Having weathered the sit in, Nawaz Sharif and his ruling party, the PML-N (or “Noon League” as it is called in Pakistan) began to concentrate on governance. The PML-N seemed to have gotten re entrenched as the local body election results in 2015 and 2016 showed the Noon League in forefront at the grass roots nearly all over Pakistan. The local body election results gave birth to a fresh belief that the PML N will sweep the next general election, to be held in 2018, as no other party in Pakistan seemed strong enough politically to challenge its nationwide strength. PML-N cushioned itself again as a fresh national consensus evolved regarding its leadership prowess.

It was at this juncture that the Panama Leaks, an extraneous event, suddenly catapulted Nawaz Sharif’s leadership into crisis which kept getting deeper and deeper as the ruling Party failed to manage the allegation of money laundering by its leader wisely. Nawaz Sharif denied the allegation of money laundering. His denial lacked cogency.  Despite that, PML-N party cadre supported Nawaz, which brought the integrity of the entire party into question. The case is now in Supreme Court amidst an intensive media trial. Every day there are new revelations regarding Sharif family’s ill-gotten wealth as new witnesses surface to tell their first-hand account on TV channels.

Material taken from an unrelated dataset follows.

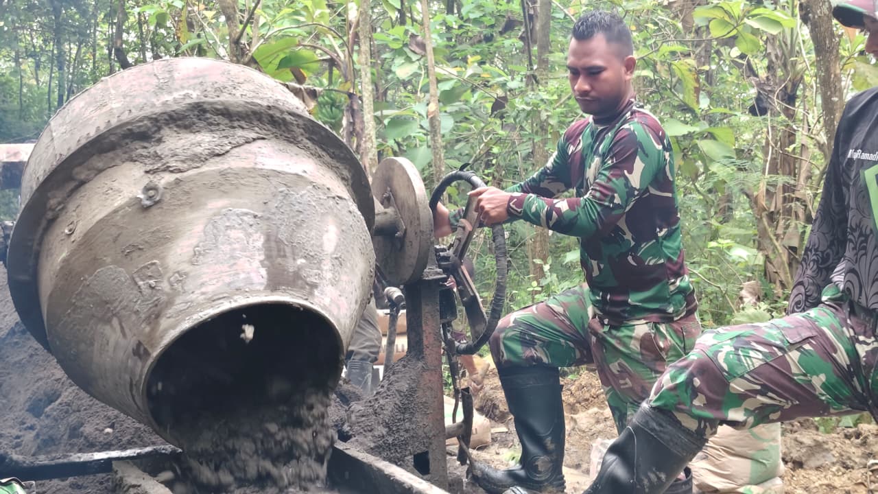 Pada Senin (02/03/2026), di tengah teriknya matahari menyengat lokasi pembangunan infrastruktur, Praka Hendrik tampak tak kenal lelah bekerja bersama warga Desa Cikuya. Bukan hanya tenaganya yang diandalkan, namun karakter khasnya yang ceria dan penuh energi menjadi “booster” tersendiri bagi rekan-rekan sejawatnya.

The Panama Leaks have shattered the belief that Nawaz Sharif and his PML –N would continue to lead Pakistan beyond 2018. Because of the political mishandling of Panama Leaks at the party cadre level, should Sharif be removed from office due to court verdict or some other development, the fall of the central government is eminent.

A corrosion of consensus weakens not just a polity but also the incumbents, who must rule in the vacuum produced by the shattering of the very consensus they previously enjoyed in office. In addition to suffering from a repeatedly shattered political consensus, Pakistan is plagued by a government whose top executive is besieged by the investigation of money laundering.

At the time of writing, no political party is strong enough to fill the vacuum created by PML-N’s political enfeeblement post Panama Leaks. Meanwhile, as Pakistan moves away from the US, it is forging regional ties rigorously. Pakistan is forging stronger commercial ties with China through CPEC and with Russia through unprecedented joint military exercises. During this period of transition, two of Pakistan’s immediate neighbors, Afghanistan and India, have joined forces against Pakistan. Both are backed by the US, Pakistan’s ally no more yet a country with strong intelligence network inside Pakistan and unprecedented military presence in Central Asia. Pakistan is thus sitting on two fault lines, each crossing the other at critical political junctures.  One fault line is created by the fact that Pakistan’s structural shift away from its traditional ally, the US, is not accompanied by a shift in software application that would end the operation of intensive and extensive US intelligence within Pakistan. The other fault line is the political power vacuum caused repeatedly by the shattering of consensus through events triggered by forces extraneous to Pakistan’s main political function.

Pakistan’s nuclear weapons are indeed relevant to its defense, but the force Pakistan needs to manage its current risks is that of human intelligence.